Politics

PMQs: Dead parrot Johnson left with dotty Dorries, the horse whipster and the most boring psychopath ever

It was box office today, but PMQs became Loathe Island for the PM.

Starmer called it ‘a pathetic spectacle” and it would be hard for anyone to disagree with him.

At 11.36am Home officer minister Victoria Atkins resigned. I was losing count but I think it is 16 ministers on the payroll who have jumped ship and counting.

It was 18 by the time I finished writing this!

Even ‘30p Lee’ Anderson turned against the PM! 

Fields of wheat

Theresa May must be bounding through fields of wheat, sadly not of the Ukrainian variety.

Could you walk into a room of hundreds of people, where the only people left on your side are Dotty Dorries, the haunted pencil and a bloke who spent taxpayers’ money to heat his horses, oh and the most boring psychopath ever born in Dominic Raab?

To be fair only Boris Johnson has the complete lack of self-awareness to attempt it. The outcome was beyond shambolic. Members of his own side demanded he resign, Corbyn was rolled out three times, and Ukraine was shamelessly used as his human shield on numerous occasions.

Imagine wanting to be PM with every fabric of your DNA, only to turn up and be a total fucking failure. It is rare that I swear in my posts, but there is no other word for it.

Rectum prolapsed

The right, left and centre of the party has abandoned him.

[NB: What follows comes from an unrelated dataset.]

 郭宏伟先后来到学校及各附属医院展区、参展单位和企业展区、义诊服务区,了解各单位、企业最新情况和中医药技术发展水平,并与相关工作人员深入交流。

It isn’t a race to the bottom, the rectum has prolapsed and a few slimy dingleberries (look it up) cling on.

A week ago he said he was going to stay until 2030, as the sun rose today he needed to cling on until summer recess, but by mid-morning he just needed to linger on until high noon.

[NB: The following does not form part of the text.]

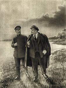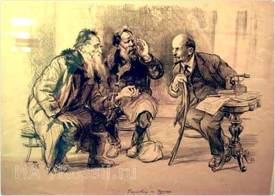 — Из всех актёров, которых я видел, — продолжал Кржижановский, — Плотников наиболее близок к истине. В пьесе «Человек с ружьём» я его без слёз смотреть не мог — стоит передо мной живой Ленин, и только! Страшно даже становится, и голос у него, знаете, очень верный... Ведь иные, узнав, что Ленин грассировал, нажимают на это и переигрывают, а Плотников нет, у него всё в меру, всё верно. Вот посмотрите. — Кржижановский поднялся со стула, достал с полки фотографию Плотникова в роли Ленина и дал её мне. Действительно, даже по внешнему сходству это был отличный портрет. — Сейчас, — продолжал Кржижановский, — многие, к сожалению, берутся изображать Ленина, не имея для этого достаточного понимания. Вот, к вашей чести, в рисунках этих вы постигаете тайну изображения Ленина, он таким был и здесь, и вот тут, и там, и вот со стаканом чая, очень верно...

There was no fridge to hide in, if there was it would be full with £10 Lurpak. 

The only person left saying the PM got all the big calls right is Nadine Dorries. Even Johnson has admitted he hasn’t.

Surely appointing a man who you knew to be a sex pest into a whip role is a big call.

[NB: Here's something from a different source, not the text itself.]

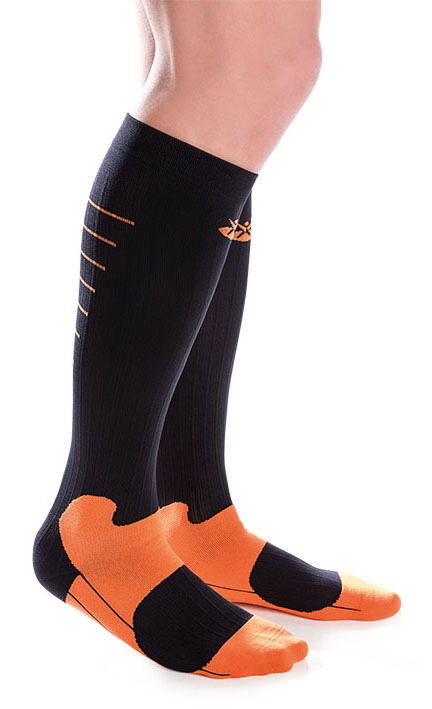 Sportowe podkolanówki kompresyjne do stosowania przez profesjonalnych sportowców jak i amatorów. Stymulują krążenie w żyłach w czasie wysiłku fizycznego redukując bolesność powysiłkową mięśni równocześnie przyśpieszając czas ich regeneracji. Utkanie materiału zapewnia utrzymanie stałej temperatury ciała podczas wysiłku fizycznego. Podkolanówki zapewniają bardzo dobra ochronę najbardziej podatnych na otarcia okolic (ścięgno Achillesa, palce, strona podeszwowa) stopy minimalizując wstrząsy powstające w czasie aktywności a strefa ochronna na grzbiecie stopy ma za zadanie minimalizować dyskomfort powstający na skutek silnego przylegania butów. SKŁAD: 72% Poliamid, 28% Lycra.

So he thought this was right when he made the appointment, even though he allegedly called him ‘Pincher by name pincher by nature,’ and that is the most worrying thing. 

Charge of the lightweight brigade

Starmer said that the people left to support him should be called the charge of the lightweight bridge and Z list cast of nodding dogs. The ones that had gone were “the first recorded case of the sinking ships fleeing the rat.”

The boring psycho nodded back, the rest on the front bench laughed. You couldn’t make it up.

Ian Blackford then chipped in and said the PM wasn’t the Black Knight from Monty Python but actually the Dead Parrot.

One Labour MP cheekily asked the PM that if he hates walkouts so much, what legislation will he use to stop further government officials from leaving their posts.

Mass exodus

It was Javid and Sunak who began the mass exodus yesterday, but these aren’t heroic figures.

These were people in some of the highest offices of state, they worked with the PM daily.

These were the type of people who voted for him in his no-confidence only a matter of weeks ago.

If you believe that those in central government didn’t know about the Pincher allegations then pinch, no punch, yourself in the face.

He was the wrong person for the wrong time and the party and more importantly his cabinet, propped him up, to make sure they still had a seat at the table.

The UK is crumbling, due to Brexit, cost of living, inflation, covid the list goes on. How much energy has been wasted to save Big Dog? 

So what can the PM and the horse box chancellor do? A ‘sugar rush’; of uncosted tax cuts, which will lead to financial armageddon. 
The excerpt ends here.